━━━ EXTRACTED ENTRIES ━━━

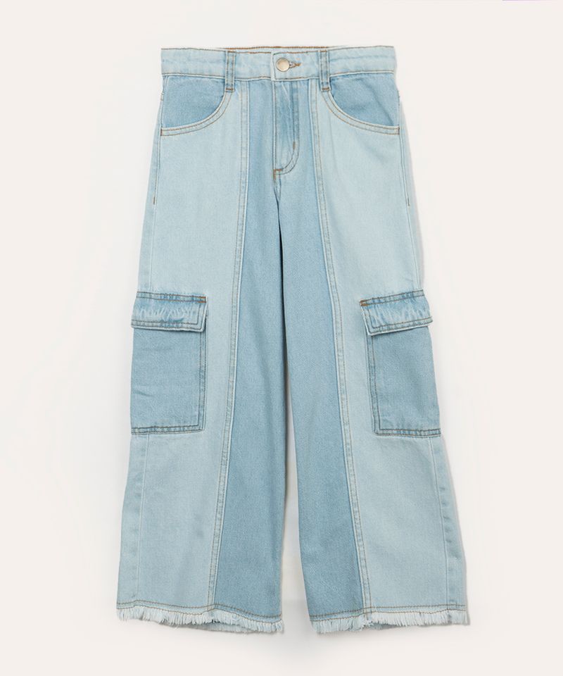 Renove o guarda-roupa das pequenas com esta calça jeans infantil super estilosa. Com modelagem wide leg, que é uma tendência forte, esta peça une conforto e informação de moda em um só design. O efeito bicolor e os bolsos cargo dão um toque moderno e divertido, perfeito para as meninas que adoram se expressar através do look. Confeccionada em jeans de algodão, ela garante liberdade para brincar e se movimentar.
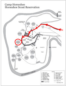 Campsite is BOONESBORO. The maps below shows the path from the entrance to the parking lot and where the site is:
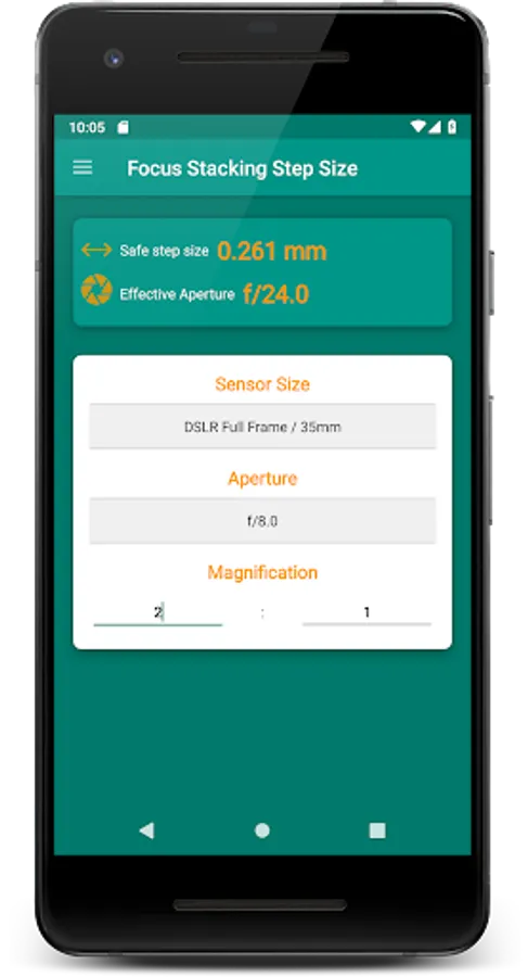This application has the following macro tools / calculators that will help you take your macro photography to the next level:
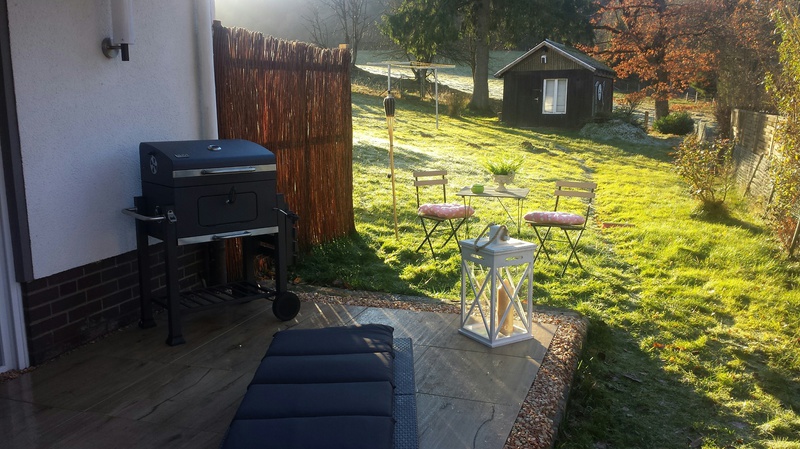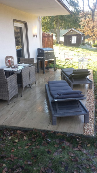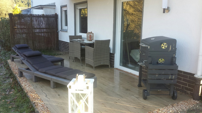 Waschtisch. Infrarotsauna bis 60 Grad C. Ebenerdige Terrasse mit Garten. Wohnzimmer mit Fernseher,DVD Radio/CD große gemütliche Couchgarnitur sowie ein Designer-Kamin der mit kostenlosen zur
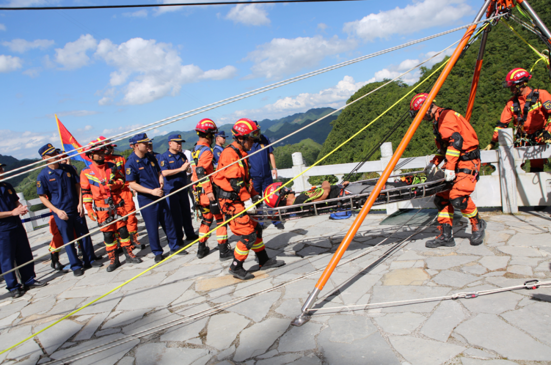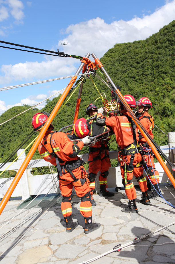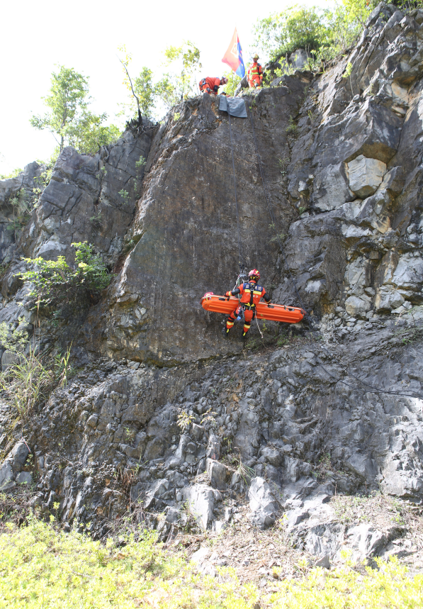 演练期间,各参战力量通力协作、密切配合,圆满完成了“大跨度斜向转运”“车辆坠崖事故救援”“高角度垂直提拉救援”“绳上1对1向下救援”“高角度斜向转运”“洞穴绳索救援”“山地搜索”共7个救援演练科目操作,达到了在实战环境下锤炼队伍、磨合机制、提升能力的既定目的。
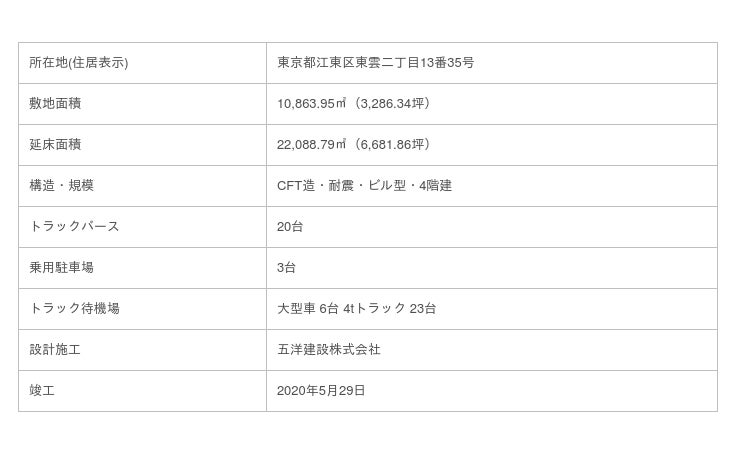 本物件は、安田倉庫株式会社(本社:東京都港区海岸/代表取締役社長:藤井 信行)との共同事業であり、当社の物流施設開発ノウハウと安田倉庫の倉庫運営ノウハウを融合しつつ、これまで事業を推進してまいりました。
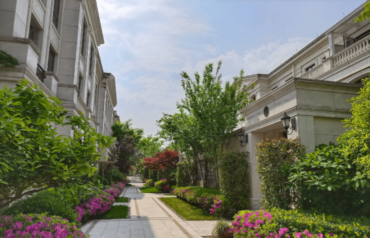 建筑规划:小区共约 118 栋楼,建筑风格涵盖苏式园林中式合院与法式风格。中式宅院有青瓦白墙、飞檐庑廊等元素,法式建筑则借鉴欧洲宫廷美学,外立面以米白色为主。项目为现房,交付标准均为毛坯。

━━━
━━━ EXTRACTED ENTRIES ━━━

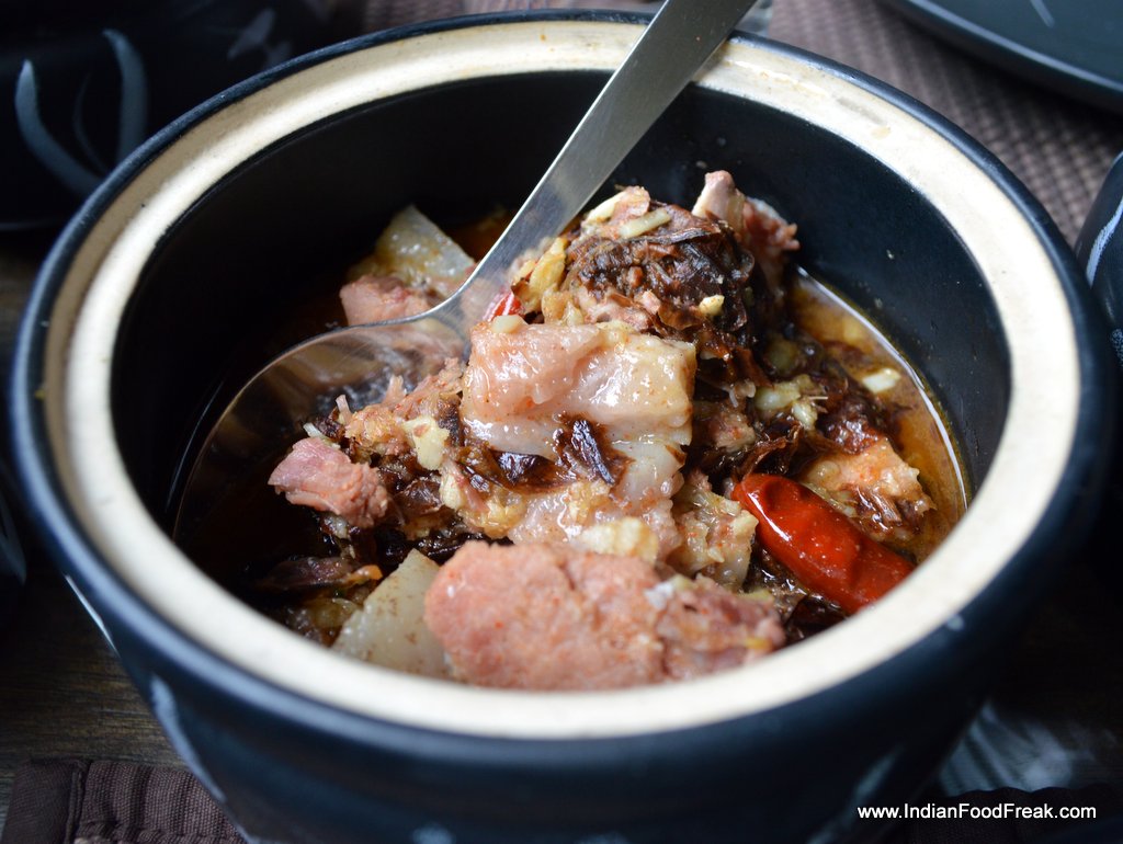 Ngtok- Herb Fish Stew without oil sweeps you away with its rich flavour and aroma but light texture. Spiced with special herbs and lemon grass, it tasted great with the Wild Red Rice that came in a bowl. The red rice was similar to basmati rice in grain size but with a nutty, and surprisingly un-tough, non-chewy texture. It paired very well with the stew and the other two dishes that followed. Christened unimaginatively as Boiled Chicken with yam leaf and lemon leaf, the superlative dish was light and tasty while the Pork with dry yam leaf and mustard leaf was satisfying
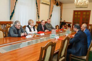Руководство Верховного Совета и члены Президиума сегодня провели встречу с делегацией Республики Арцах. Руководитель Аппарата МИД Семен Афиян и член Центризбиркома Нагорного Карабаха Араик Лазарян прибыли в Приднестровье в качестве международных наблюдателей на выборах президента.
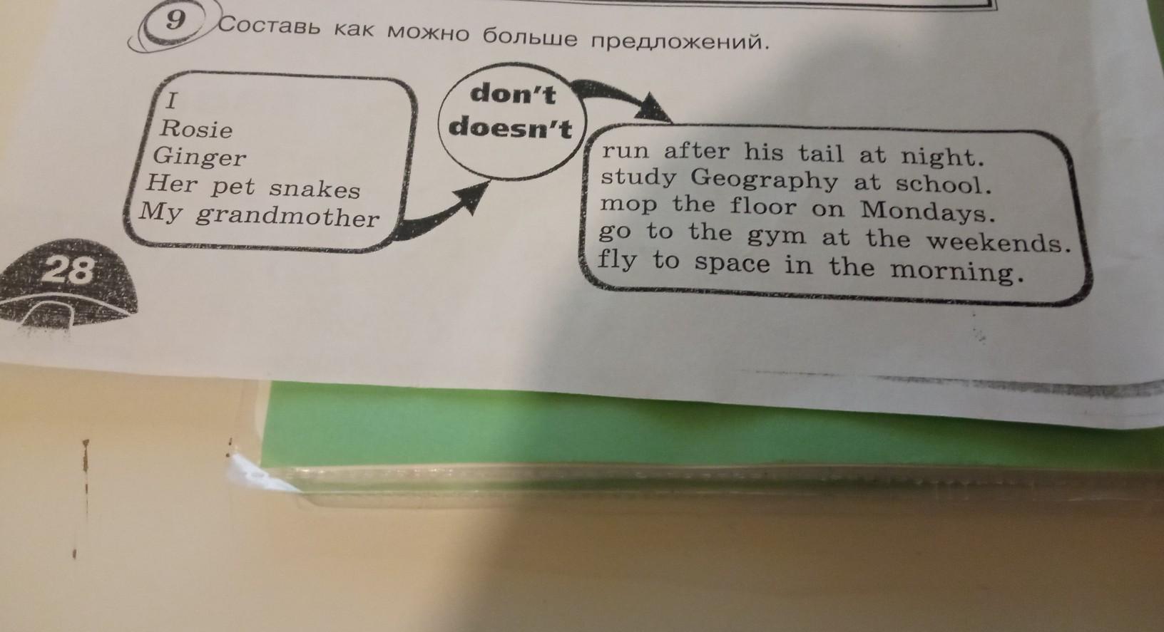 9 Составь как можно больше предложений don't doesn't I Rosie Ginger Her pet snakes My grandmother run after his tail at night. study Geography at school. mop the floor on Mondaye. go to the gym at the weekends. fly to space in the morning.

━━━

Every line above in the stretch from the one with "Renove o guarda-roupa" through the one with "This application has" is to be transcribed exactly, ends included. No picture is copied.

> [RESPONSE AREA]
 Renove o guarda-roupa das pequenas com esta calça jeans infantil super estilosa. Com modelagem wide leg, que é uma tendência forte, esta peça une conforto e informação de moda em um só design. O efeito bicolor e os bolsos cargo dão um toque moderno e divertido, perfeito para as meninas que adoram se expressar através do look. Confeccionada em jeans de algodão, ela garante liberdade para brincar e se movimentar.
 Campsite is BOONESBORO. The maps below shows the path from the entrance to the parking lot and where the site is:
This application has the following macro tools / calculators that will help you take your macro photography to the next level:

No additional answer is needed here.